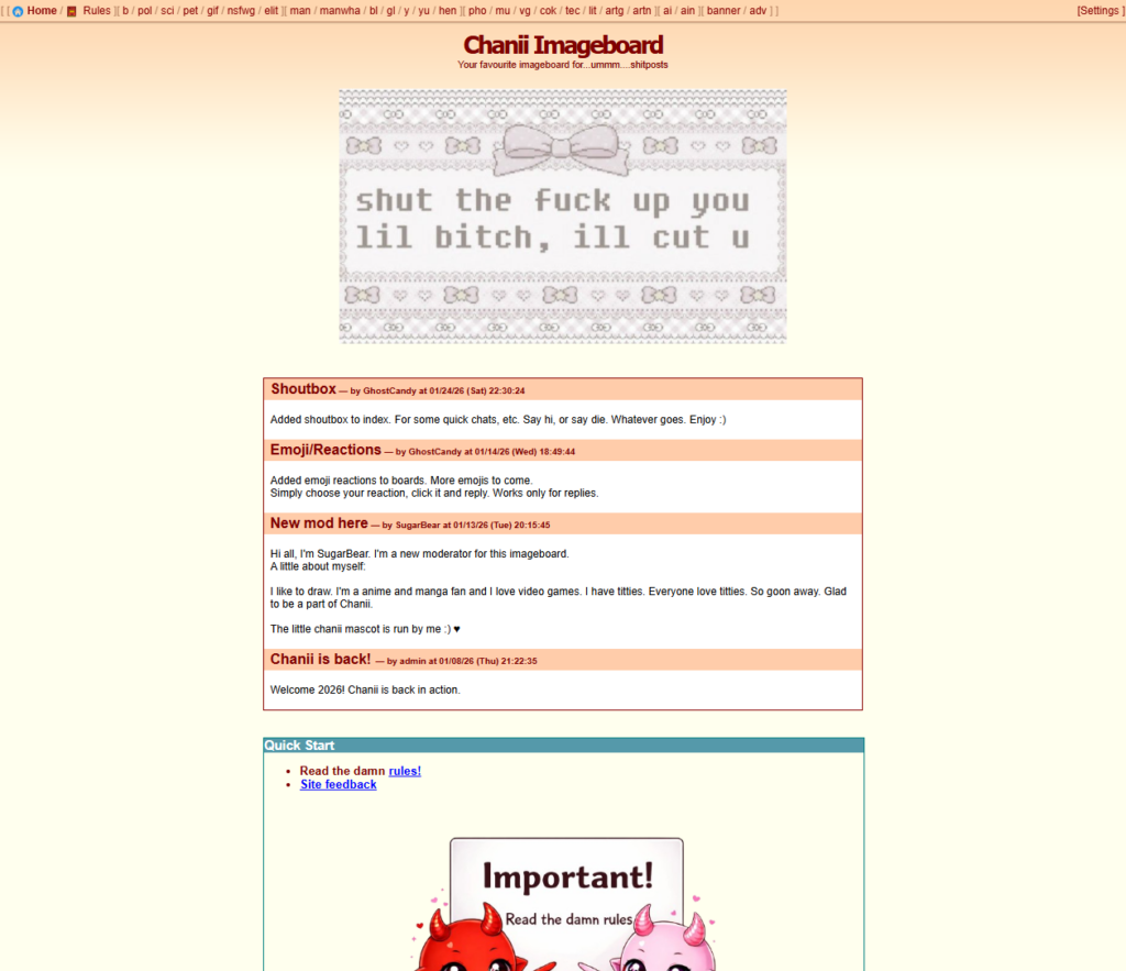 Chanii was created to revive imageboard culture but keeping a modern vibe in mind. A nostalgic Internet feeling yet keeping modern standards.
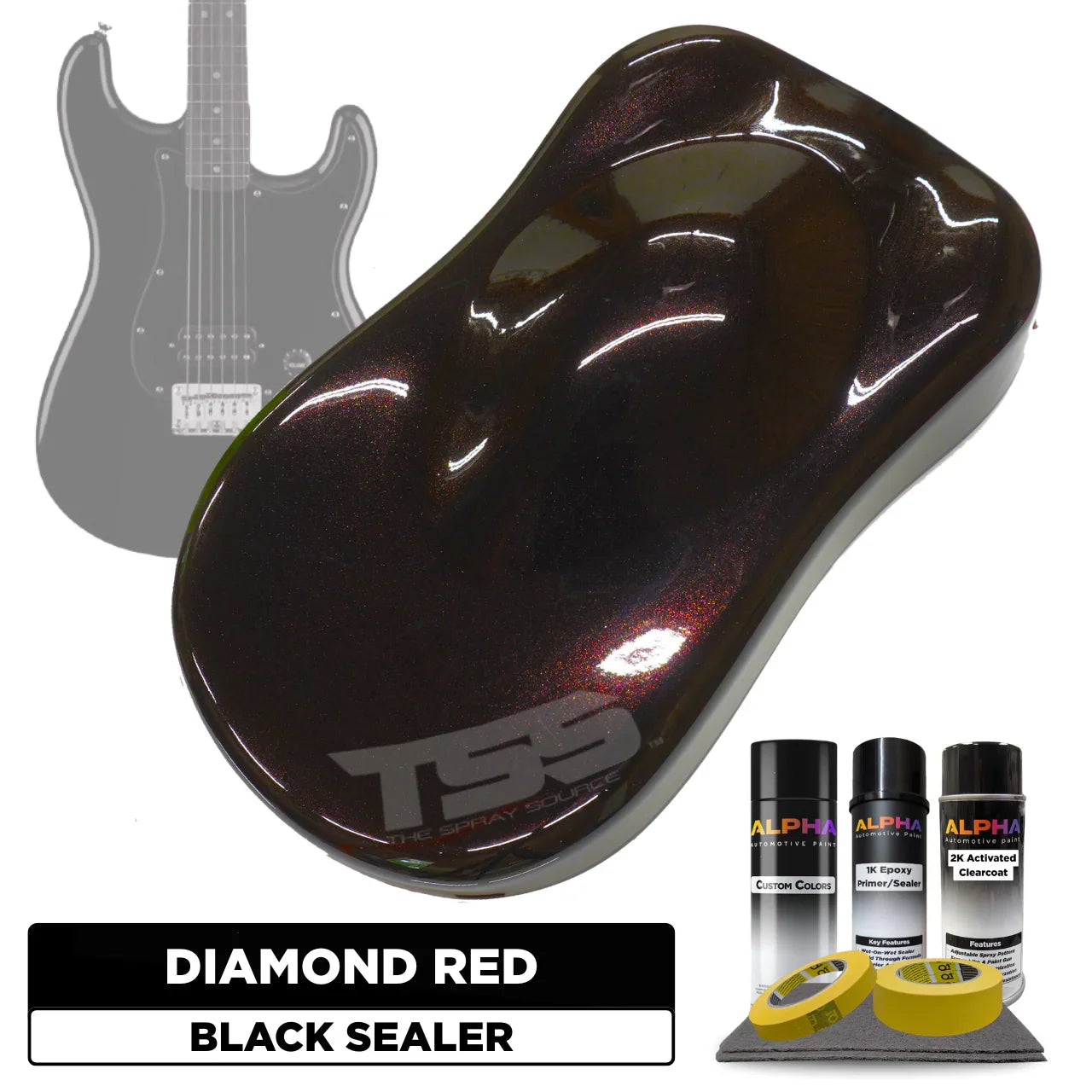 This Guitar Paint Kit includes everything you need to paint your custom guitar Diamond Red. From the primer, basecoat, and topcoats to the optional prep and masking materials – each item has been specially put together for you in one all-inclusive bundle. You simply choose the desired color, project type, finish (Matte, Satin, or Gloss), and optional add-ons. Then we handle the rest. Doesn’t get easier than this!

==

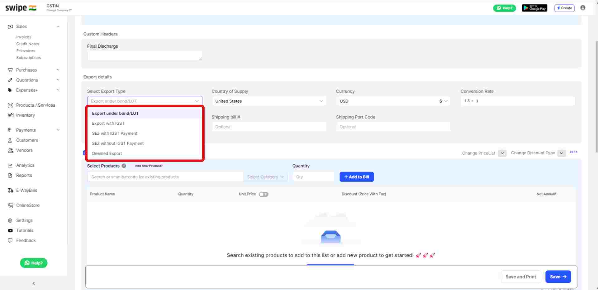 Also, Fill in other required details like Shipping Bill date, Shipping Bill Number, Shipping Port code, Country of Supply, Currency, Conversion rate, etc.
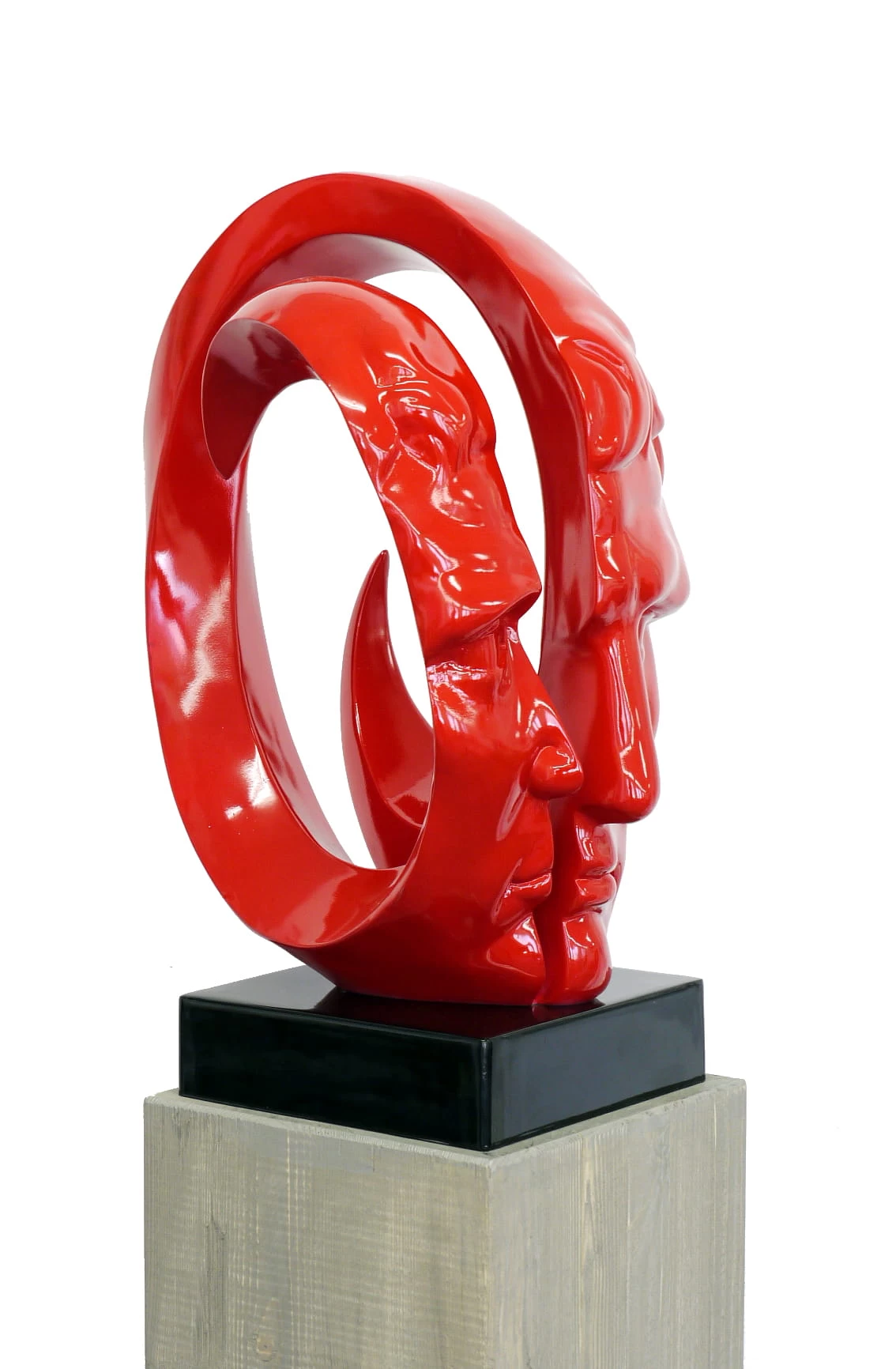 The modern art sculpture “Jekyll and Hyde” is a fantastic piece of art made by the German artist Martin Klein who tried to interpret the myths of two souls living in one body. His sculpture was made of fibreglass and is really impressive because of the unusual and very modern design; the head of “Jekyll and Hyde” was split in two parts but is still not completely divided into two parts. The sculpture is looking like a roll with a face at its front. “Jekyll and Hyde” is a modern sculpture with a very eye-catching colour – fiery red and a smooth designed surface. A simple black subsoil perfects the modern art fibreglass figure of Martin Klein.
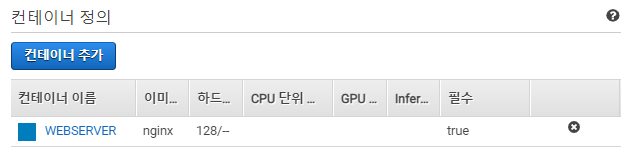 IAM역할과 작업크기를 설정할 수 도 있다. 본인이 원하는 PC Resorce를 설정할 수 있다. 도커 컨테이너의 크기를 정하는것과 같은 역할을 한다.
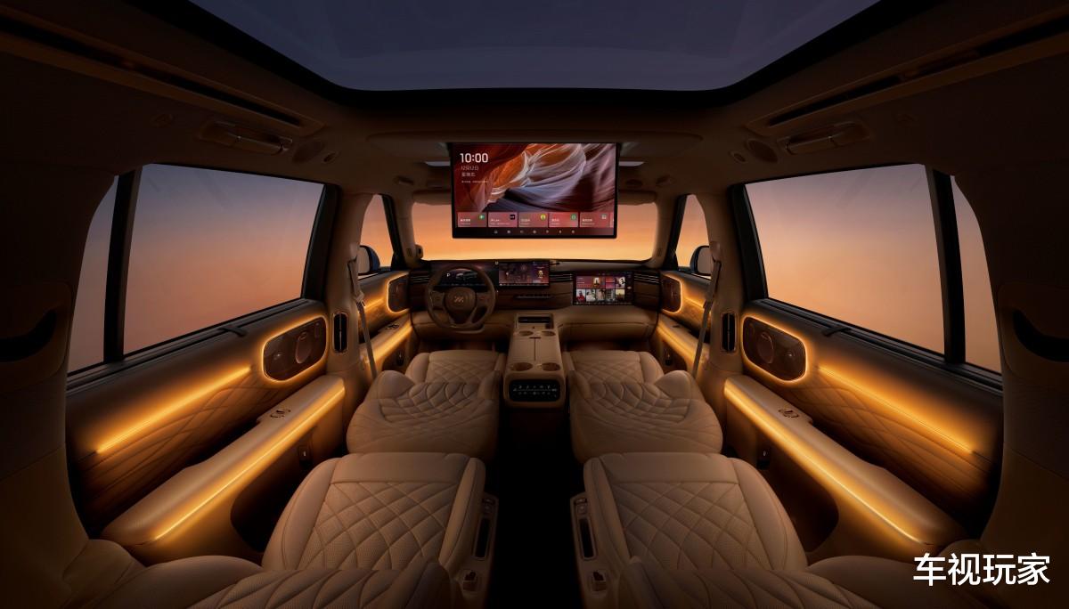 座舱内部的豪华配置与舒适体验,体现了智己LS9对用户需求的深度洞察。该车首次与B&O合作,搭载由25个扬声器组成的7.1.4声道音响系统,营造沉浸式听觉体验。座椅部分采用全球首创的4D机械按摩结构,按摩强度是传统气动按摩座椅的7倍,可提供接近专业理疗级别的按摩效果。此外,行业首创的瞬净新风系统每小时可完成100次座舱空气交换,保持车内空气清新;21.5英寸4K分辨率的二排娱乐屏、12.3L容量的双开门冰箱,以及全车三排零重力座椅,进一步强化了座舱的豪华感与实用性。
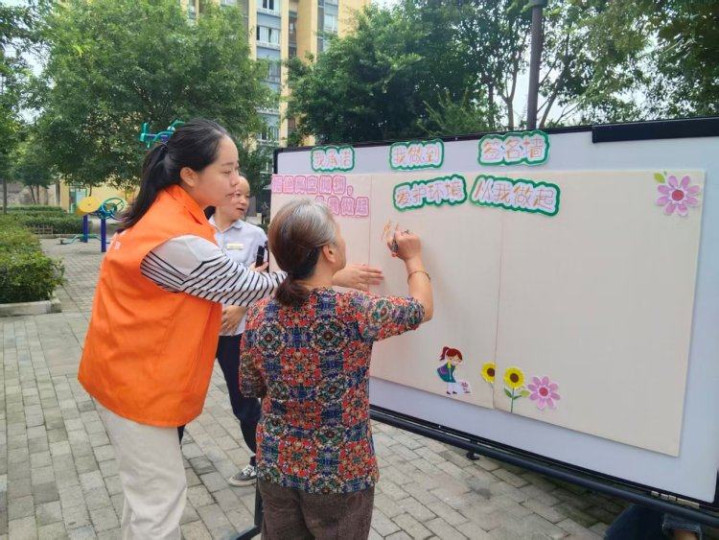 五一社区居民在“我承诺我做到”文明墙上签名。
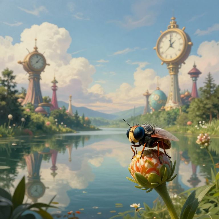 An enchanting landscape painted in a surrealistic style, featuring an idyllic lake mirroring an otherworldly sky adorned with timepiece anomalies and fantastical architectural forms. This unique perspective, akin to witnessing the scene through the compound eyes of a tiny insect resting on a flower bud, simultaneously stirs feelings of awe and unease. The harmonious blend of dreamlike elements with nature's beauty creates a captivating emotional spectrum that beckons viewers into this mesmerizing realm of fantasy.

▶ **Problem statement**:
Reproduce the data above exactly, but only from the line containing "Chanii was created" through the line containing "This Guitar Paint"; skip the pictures.

▶ **Exercise output**:
 Chanii was created to revive imageboard culture but keeping a modern vibe in mind. A nostalgic Internet feeling yet keeping modern standards.
 This Guitar Paint Kit includes everything you need to paint your custom guitar Diamond Red. From the primer, basecoat, and topcoats to the optional prep and masking materials – each item has been specially put together for you in one all-inclusive bundle. You simply choose the desired color, project type, finish (Matte, Satin, or Gloss), and optional add-ons. Then we handle the rest. Doesn’t get easier than this!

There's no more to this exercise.